** The task **
Reproduce verbatim the line containing "Blue banded Bee" and every line that follows it through the end of the entries below, omitting all pictures.

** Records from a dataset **
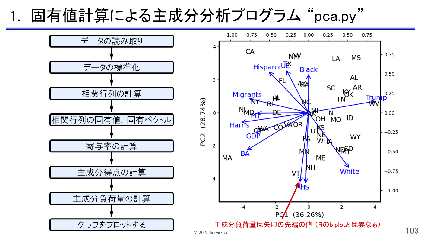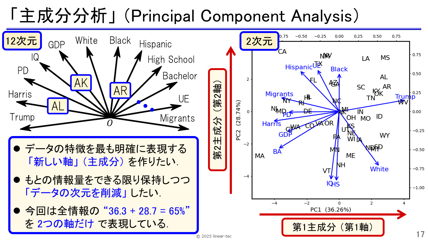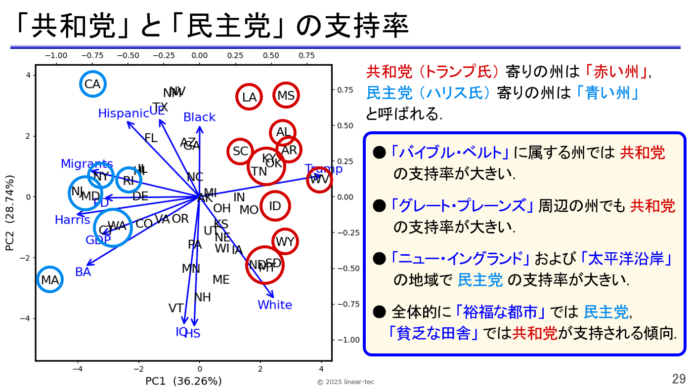 本セミナでは,2024年末に行われたアメリカ大統領選挙およびアメリカ国勢調査のデータを題材として「いまアメリカで何が起きているのか」をデータ分析によって解き明かします.主成分分析の結果には,アメリカ全50州の特徴が明確に反映されています.統計解析の技術を習得した上で,さらにアメリカという国に対する解像度を上げることができるため,数学的な話と社会的な話の2つを同時に楽しむことができます.
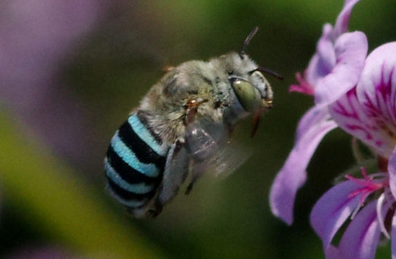 Blue banded Bee – Amegilla sp. is a beautiful and widespread native bee with bright turquoise bands across its abdomen (5 for males, 4 for females), lots of fluffy hair and large green eyes. Females build their own mud nest. Unlike Honey Bees and other native species ‘buzz pollinate’ – a flower ‘shivering’ motion that releases pollen held in small capsules and is necessary for a few native plants such as Hibbertia and very good for many crops.
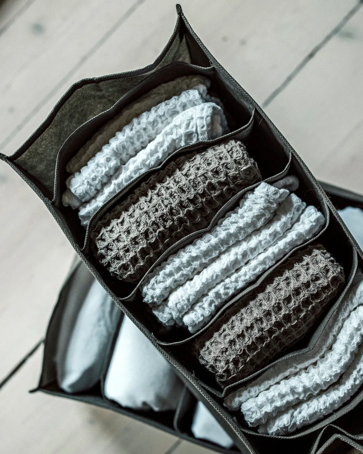 Smart hopvikbar förvaringslåda med 8 olika fack gjord av 100% återvunna PET-flaskor.I facken kan du till exempel förvara handdukar eller andra saker som behöver hållas separerade, funkar att ha i trådbackar, hyllor eller garderober. Finns också i en större storlek.
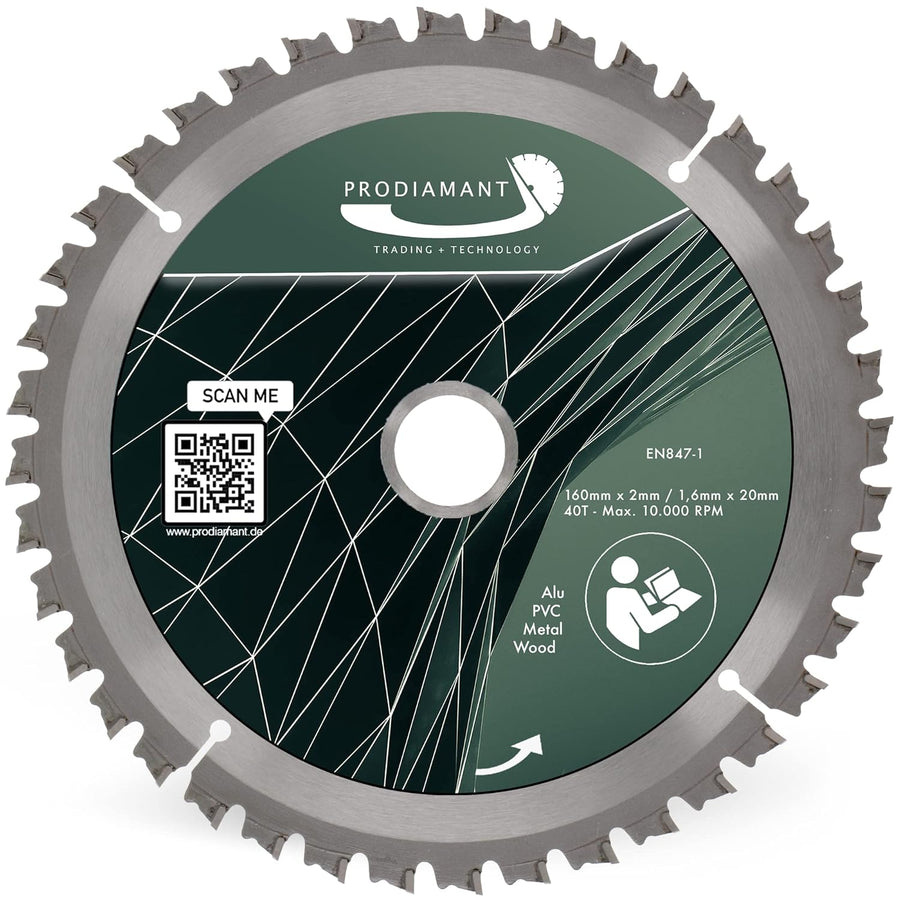 PRODIAMANT Sägeblatt 160mm x 20mm für Holz, Metall & Alu - kompatibel mit Handkreissäge & Kreissäge
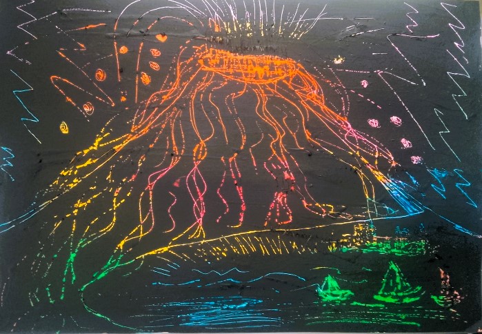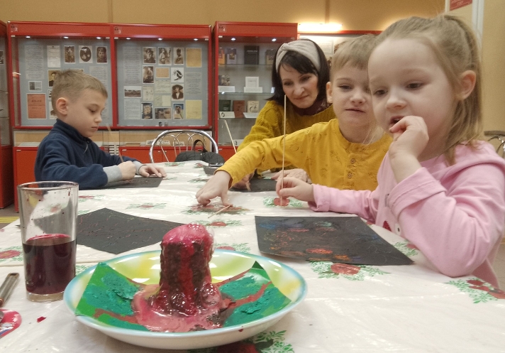 Ребята посмотрели фрагмент фильма «Великая картина Великого Карла» из цикла «Я и картина», а также увидели небольшой научный эксперимент «Извержение вулкана». Завершилось мероприятие мастер-классом«Стихия огня» в технике граттаж.
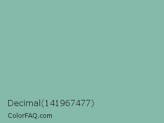 Decimal 141967477 Color is a light green color and the nearest color is Gulf Stream #80b3ae. Hex code #85baab and RGB value is rgb(133,186,171). In RGB color space, this color is composed of 52% red, 73% green, 67% blue, In CMYK color space, this color is composed of 28% cyan, 0% magenta, 8% yellow , 27% black , In HSL color space, this color has a hue angle of 163° , 28% saturation and 63% lightness.

** Answer **
 Blue banded Bee – Amegilla sp. is a beautiful and widespread native bee with bright turquoise bands across its abdomen (5 for males, 4 for females), lots of fluffy hair and large green eyes. Females build their own mud nest. Unlike Honey Bees and other native species ‘buzz pollinate’ – a flower ‘shivering’ motion that releases pollen held in small capsules and is necessary for a few native plants such as Hibbertia and very good for many crops.
 Smart hopvikbar förvaringslåda med 8 olika fack gjord av 100% återvunna PET-flaskor.I facken kan du till exempel förvara handdukar eller andra saker som behöver hållas separerade, funkar att ha i trådbackar, hyllor eller garderober. Finns också i en större storlek.
 PRODIAMANT Sägeblatt 160mm x 20mm für Holz, Metall & Alu - kompatibel mit Handkreissäge & Kreissäge
 Ребята посмотрели фрагмент фильма «Великая картина Великого Карла» из цикла «Я и картина», а также увидели небольшой научный эксперимент «Извержение вулкана». Завершилось мероприятие мастер-классом«Стихия огня» в технике граттаж.
 Decimal 141967477 Color is a light green color and the nearest color is Gulf Stream #80b3ae. Hex code #85baab and RGB value is rgb(133,186,171). In RGB color space, this color is composed of 52% red, 73% green, 67% blue, In CMYK color space, this color is composed of 28% cyan, 0% magenta, 8% yellow , 27% black , In HSL color space, this color has a hue angle of 163° , 28% saturation and 63% lightness.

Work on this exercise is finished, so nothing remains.